The Missing Half of Programmatic
The intention of this article is to raise awareness among brand owners and their partners on the emerging trend of programmatic creativity. The article aims to provide a general understanding of the meaning of the term “programmatic creative”, its practical application, and its near-future roadmap.
What is Programmatic Creative?
Creative here means any advertising creative. Programmatic makes it the kind of creative that is represented as code, instead of visual assets. Examples of programmatic creative include conversational and other highly interactive ad experiences, that are not possible with conventional creatives. Programmatic creatives can be captive, valuable, and as interactive as is required for a given ad experience. Programmatic creatives can be delivered on all platforms; on display, mobile, video, social, and apps. Programmatic creatives can be delivered on all buying platforms and publisher ad servers, without changing anything else in the way programmatic campaigns currently work.
The premise of programmatic media has been and continues to be the computerization of buying and selling media. In other words, the value promise of programmatic media is to unlock efficiencies in buying and selling of media. It must not be confused with the broader term “programmatic advertising”, as programmatic media can at best represent no more than half of programmatic advertising.
Communication theory uses message-vehicle dichotomy to explain advertising. The message represents the advertising creative, and the vehicle represents the media. Whereas the message is about creating a communication, the vehicle is about delivering the created communication. The message is the realm of advertisers and their partners, and the vehicle is the realm of publishers and their partners. The message is commonly referred to as the “creative”, and the vehicle is commonly referred to as the “media.”
Since the invention of programmatic advertising in 2004, industry research and development have almost exclusively focused on the vehicle/media aspect of advertising.
For a given process to be programmatic, it means that it is represented by a computer program. Moreover, its function can be readily performed by another computer program. Typically there is a protocol that certain computer programs share, and as a result, they can communicate with each other in a predictable way. For example, in the case of programmatic media, DSPs and Exchanges communicate with each other based on the OpenRTB standard. This process of making something programmatic can be referred to as computerization.
In the case of computerization of advertising creative, the objective is to represent the creative not through visual assets, but code. But the result might still look exactly the same. Such an approach permits everything possible with visual assets, everything possible with computer code, and the borderline magical synthesis of the two.

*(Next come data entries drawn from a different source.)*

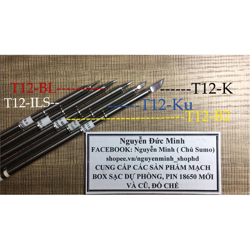 - mũi hàn có 4 loại đầu hàn(mũi dao: T12-K; mũi vát: T12-BC2; mũi hơi nhọn: T12-B2; mũi nhọn: T12-BL) thích hợp cho từng công việc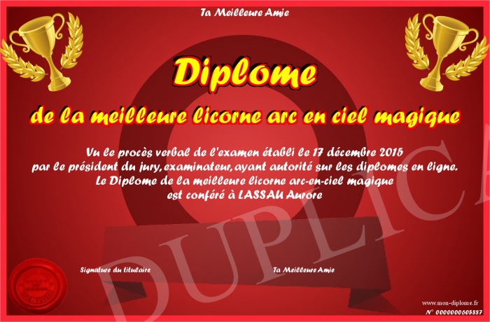 Envoyez par email votre Diplome de la meilleure licorne arc en ciel magique personalisé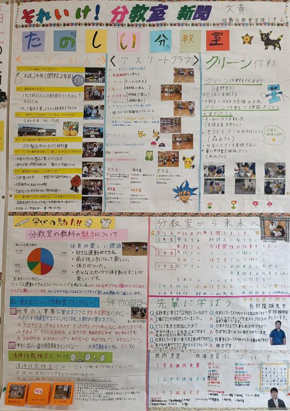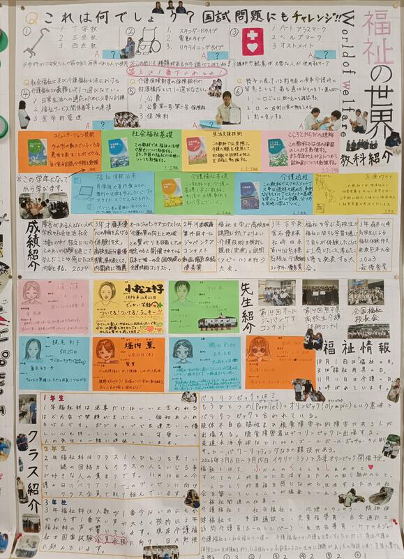 昨年までは、クラス毎に壁新聞を作成していましたが、今年は学科紹介の壁新聞になりました。小さくて何を書いてあるか分からないかもしれませんが、雰囲気だけでもご覧ください。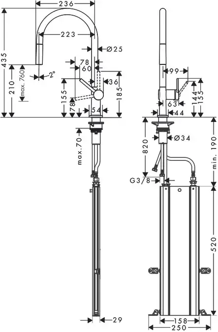 Hansgrohe Talis M54 Смеситель для кухонной мойки однорычажный U 220, цвет: матовый черный 72806670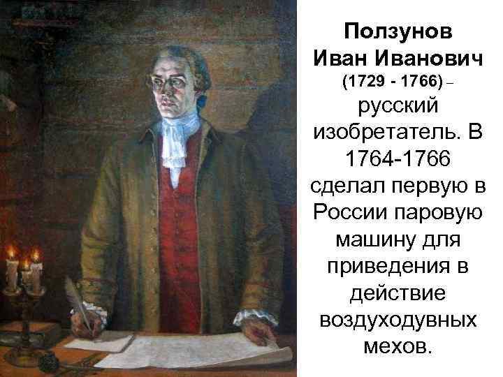 Свой вклад в развитие автомобилей внёс русский механик И. Ползунов, который в 1765-ом году сумел построить первую в мире паровую машину.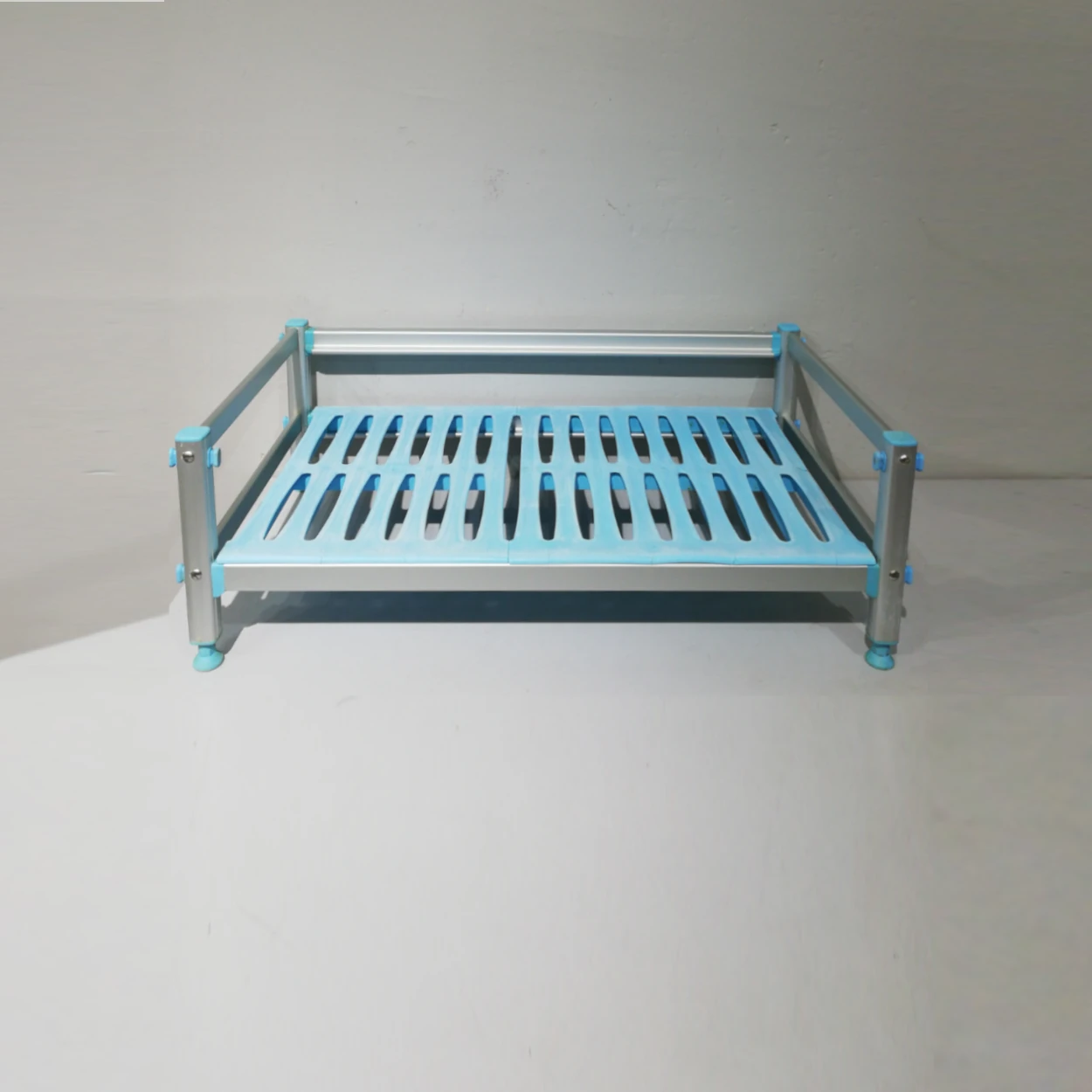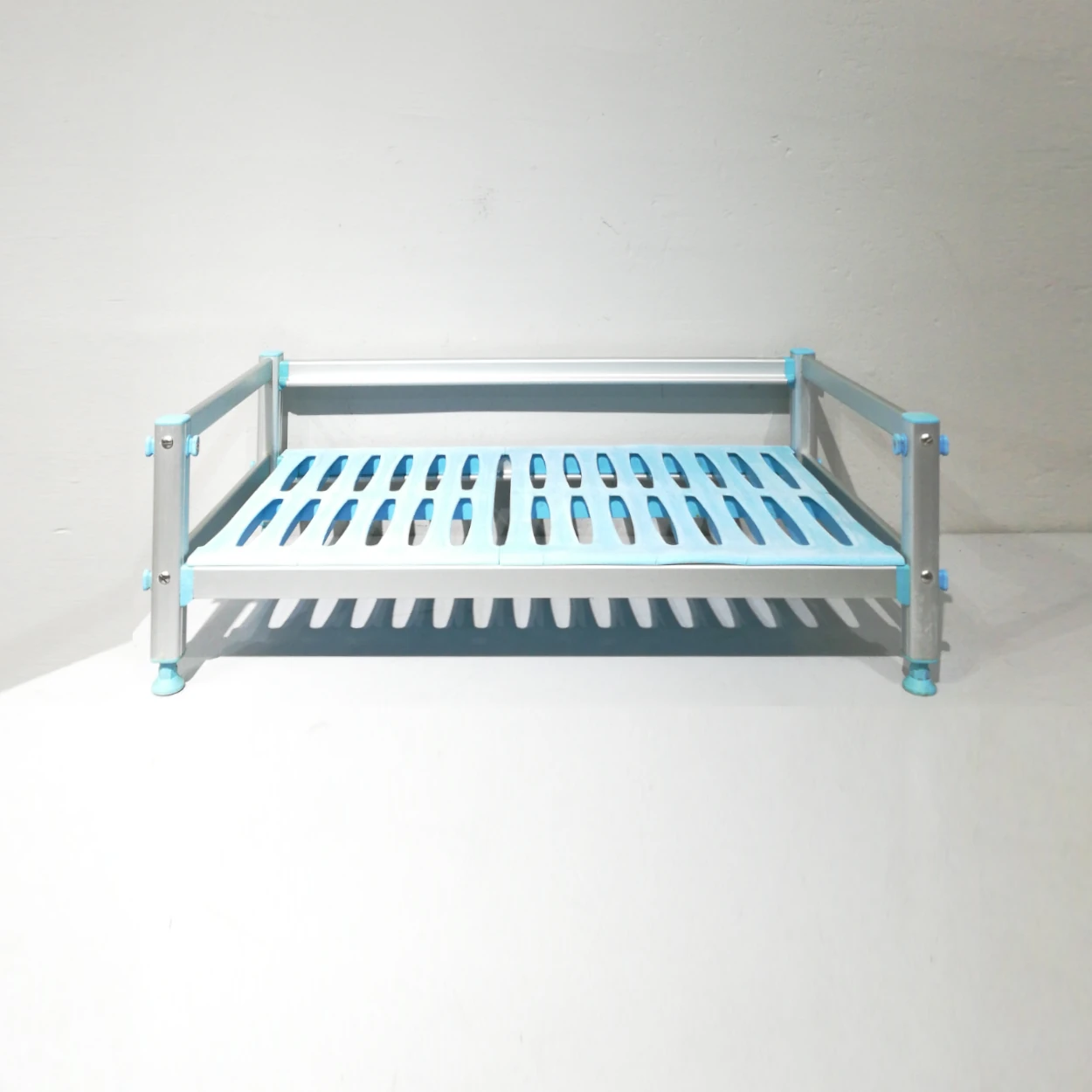 Prestatge d’ocasió fet amb barres d’alumini i bases de plàstic apta per a cambres frigorífiques, ús alimentari…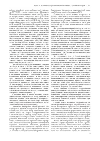 В статье рассматривается взаимодействие России и Китая в образовательной сфере в последние годы. Гуманитарное сотрудничество всегда было одной из важнейших областей в двусторонних отношениях наших двух стран. В 21 веке контакты и обмены в сегменте высшего образования вышли на новый этап развития, кроме того, Россия и Китая начали активно наращивать взаимодействие на уровне школьного и профессионального образования. Страны расширяют горизонты сотрудничества, взаимодействуя не только на межгосударственном уровне, но и на международных площадках, как, например, БРИКС, ШОС и в рамках инициативы «Один пояс, один путь», находят все новые форматы сотрудничества, такие как, создание альянсов между учебными заведениями, совместное открытие школ и колледжей, активные обмены и консультации в подготовке кадров. Все это в перспективе должно еще больше укрепить фундамент социально-экономического сотрудничества между государствами и принести практическую пользу для народов наших стран.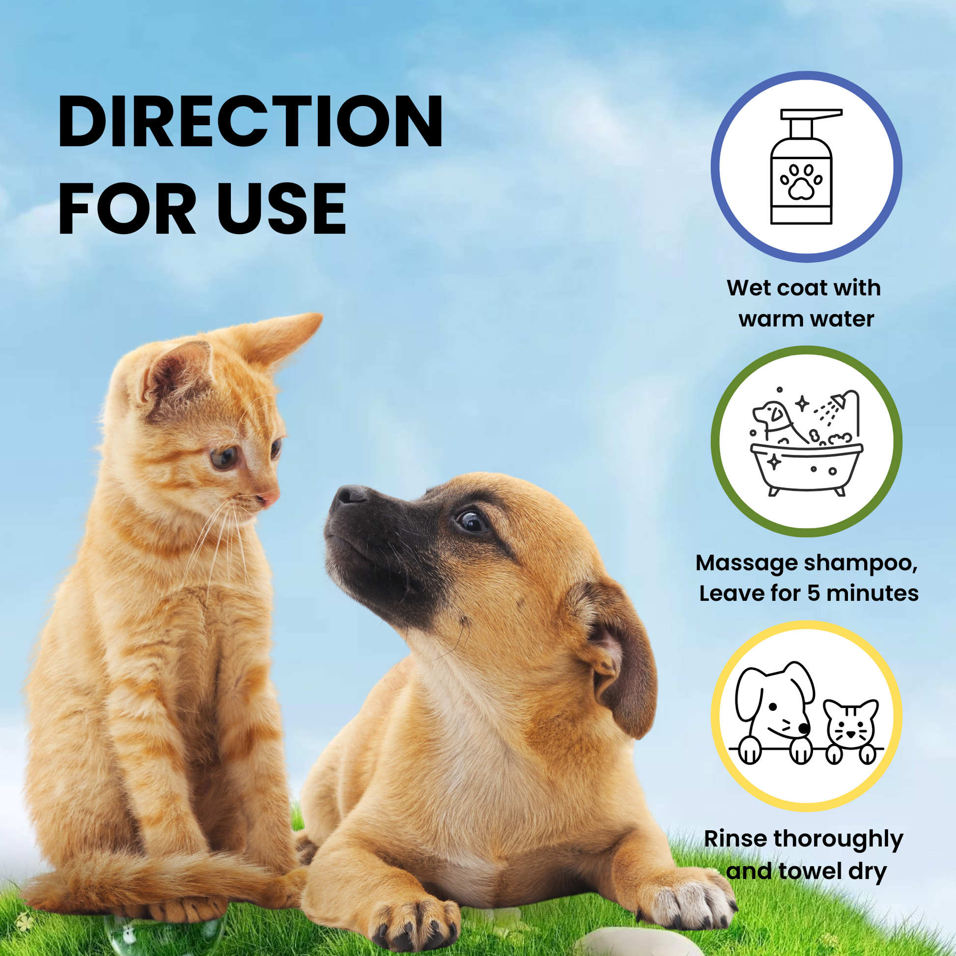 Wet your pet’s coat thoroughly with warm water. Apply shampoo from the back of the ears to the tail, avoiding the eyes. Gently lather and massage into the coat and skin. Rinse completely and towel dry for a fresh, clean coat.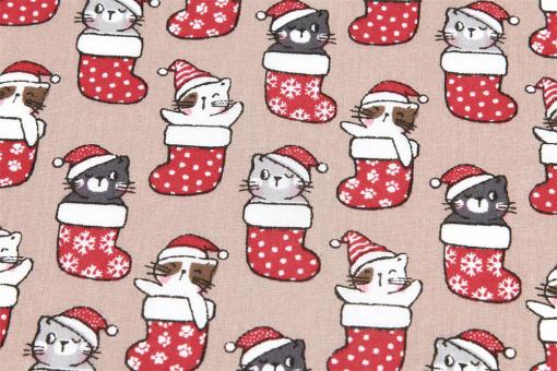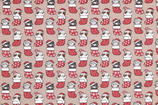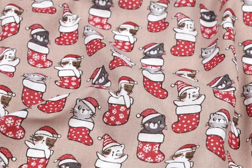 Baumwollstoff - Weihnachts-Kätzchen

Computerization should not be confused with digitalization. Take a TV advertisement as an example. Digitalization focus on making the ad available for human consumption in a digital environment. Computerization also focuses on making the ad available for human consumption in a digital environment, but in a way that allows it to be entirely computer readable and operable.
There is a very simple way to understand this distinction. Digitalized entities behave like their pen and paper counterparts. You can store them, access them, render them (into view), and edit them. There is no way to extend their potential behavior. Computerized entities behave like vending machines. You have a way to insert a token, which gives you the right to operate the entity’s functions. In stark contrast to their digitalized counterparts, the potential behavior of computerized entities is infinitely extendable.
The basic principle is straightforward; everything possible with computer code becomes possible in a computerized system. A digital creative asset closely resembles a conventional print ad, but a computerized version of the same creative can readily adopt any imaginable interactivity or other feature to extend the ad experience.
On Pens, Papers, and Rocket-ships
To fully appreciate the opportunity with programmatic creative, we have to leap from thinking about advertising creatives as visual assets to thinking about advertising creatives as computer programs. Every imaginable visual asset is representable as a computer program. Conversely, no computer program, not even the simplest imaginable one, is representable by visual assets. Whereas digital versions of visual assets mark an end of an era of pen and paper approaches, computerized versions pave the way to a brave new world of creativity in advertising.